To do
Each entry below is to be reproduced exactly, though any pictures it holds must be omitted.

Material to process
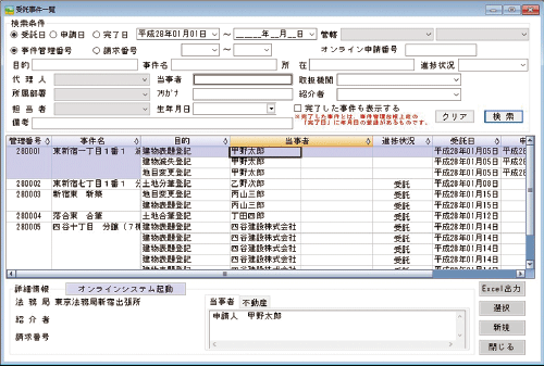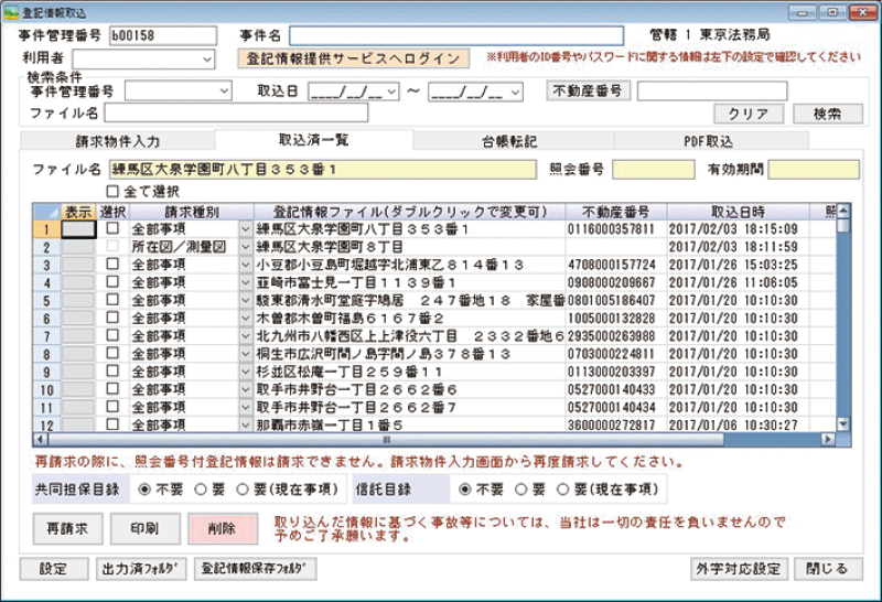 非事件管理(乙号)台帳ではオンライン物件検索機能があります。オンラインで物件を検索して請求ができますので、外字のある所在や山地番耕地番でも物件の所在、地番を間達えることなく請求できます。
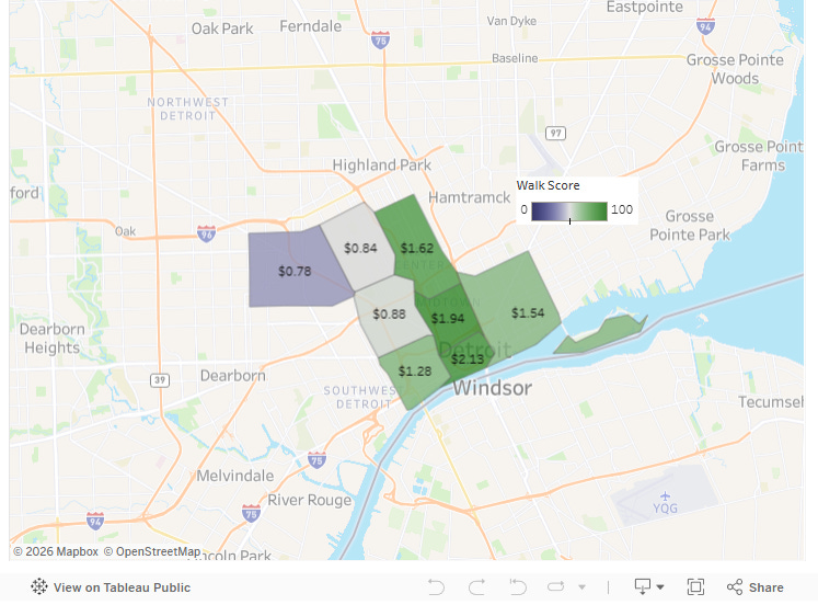 Detroit's Walkable Neighborhoods & Rent Premiums
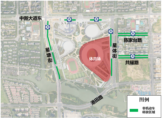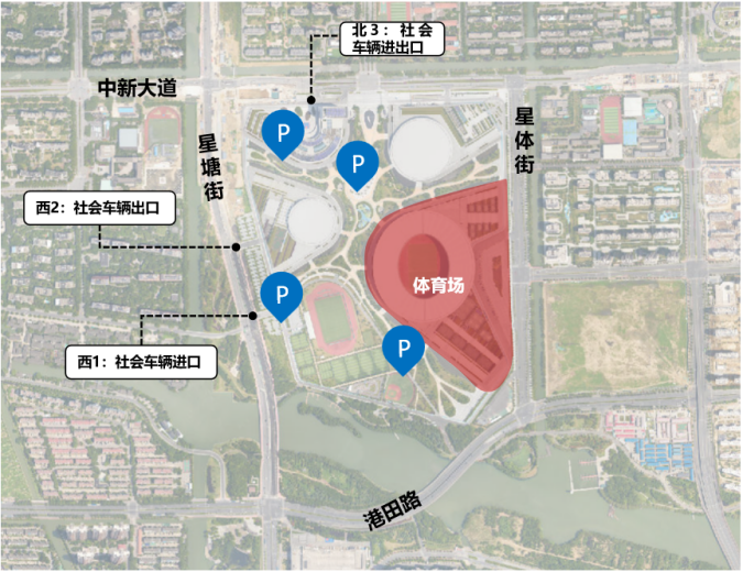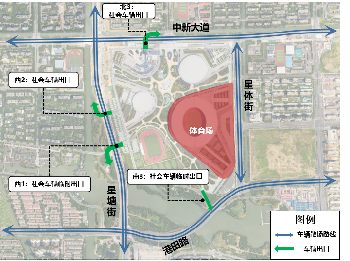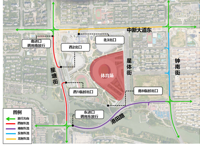 此外,部分路口将调用特殊放行方式:星塘街-中新大道东调用“南放行”,中新大道东-星华街调用“西放行”,港田路-星塘街调用“东放行”等,加快车辆驶离奥体中心。
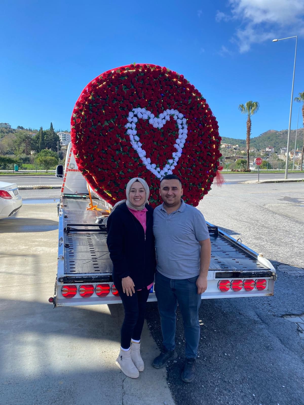 Araç platformu büyüklüğünde hazırlanan aranjman, özellikle ilçe merkezindeki ana arterlerde dikkat çekti. Kırmızı güllerle kaplanan yuvarlak tasarımın ortasında yer alan beyaz kalp figürlü dev arajmanı görenler cep telefonlarına sarıldı. Genç çiftler ve aileler dev kalbin önünde hatıra fotoğrafları çektirirken, sosyal medyada paylaşılan görüntüler kısa sürede yayıldı. Çekicinin Gazipaşa caddelerindeki görüntüsü dronla da kayıt altına alındı.
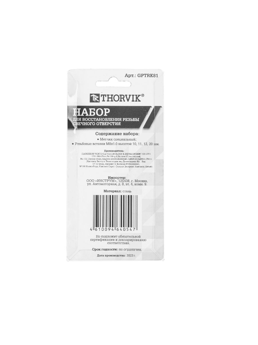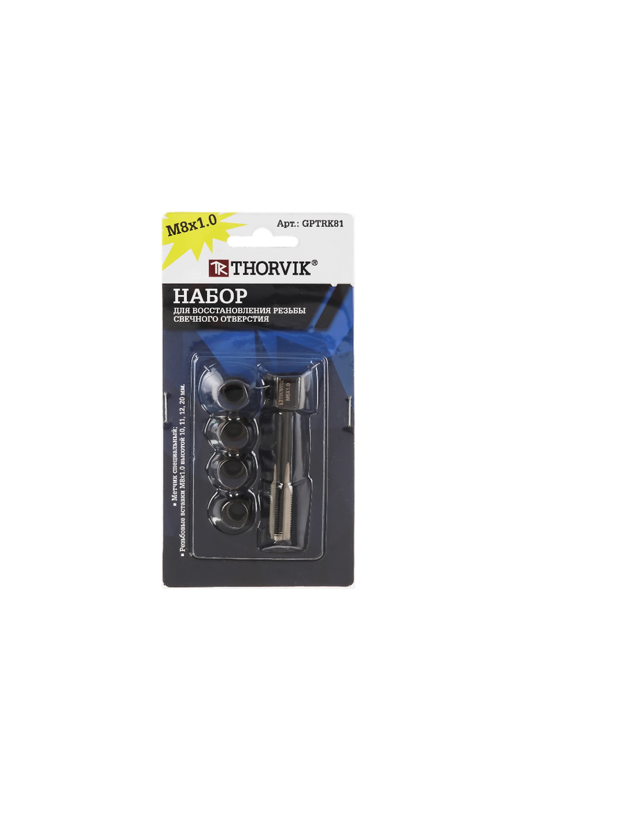 Набор для восстановления резьбы свечного отверстия Thorvik GPTRK81 М8х1.0, 5 предметов применяется для ремонта разрушенной резьбы свечных отверстий алюминиевых головок блоков цилиндров бензиновых двс различных транспортных средств и оборудования.

Completed task
 非事件管理(乙号)台帳ではオンライン物件検索機能があります。オンラインで物件を検索して請求ができますので、外字のある所在や山地番耕地番でも物件の所在、地番を間達えることなく請求できます。
 Detroit's Walkable Neighborhoods & Rent Premiums
 此外,部分路口将调用特殊放行方式:星塘街-中新大道东调用“南放行”,中新大道东-星华街调用“西放行”,港田路-星塘街调用“东放行”等,加快车辆驶离奥体中心。
 Araç platformu büyüklüğünde hazırlanan aranjman, özellikle ilçe merkezindeki ana arterlerde dikkat çekti. Kırmızı güllerle kaplanan yuvarlak tasarımın ortasında yer alan beyaz kalp figürlü dev arajmanı görenler cep telefonlarına sarıldı. Genç çiftler ve aileler dev kalbin önünde hatıra fotoğrafları çektirirken, sosyal medyada paylaşılan görüntüler kısa sürede yayıldı. Çekicinin Gazipaşa caddelerindeki görüntüsü dronla da kayıt altına alındı.
 Набор для восстановления резьбы свечного отверстия Thorvik GPTRK81 М8х1.0, 5 предметов применяется для ремонта разрушенной резьбы свечных отверстий алюминиевых головок блоков цилиндров бензиновых двс различных транспортных средств и оборудования.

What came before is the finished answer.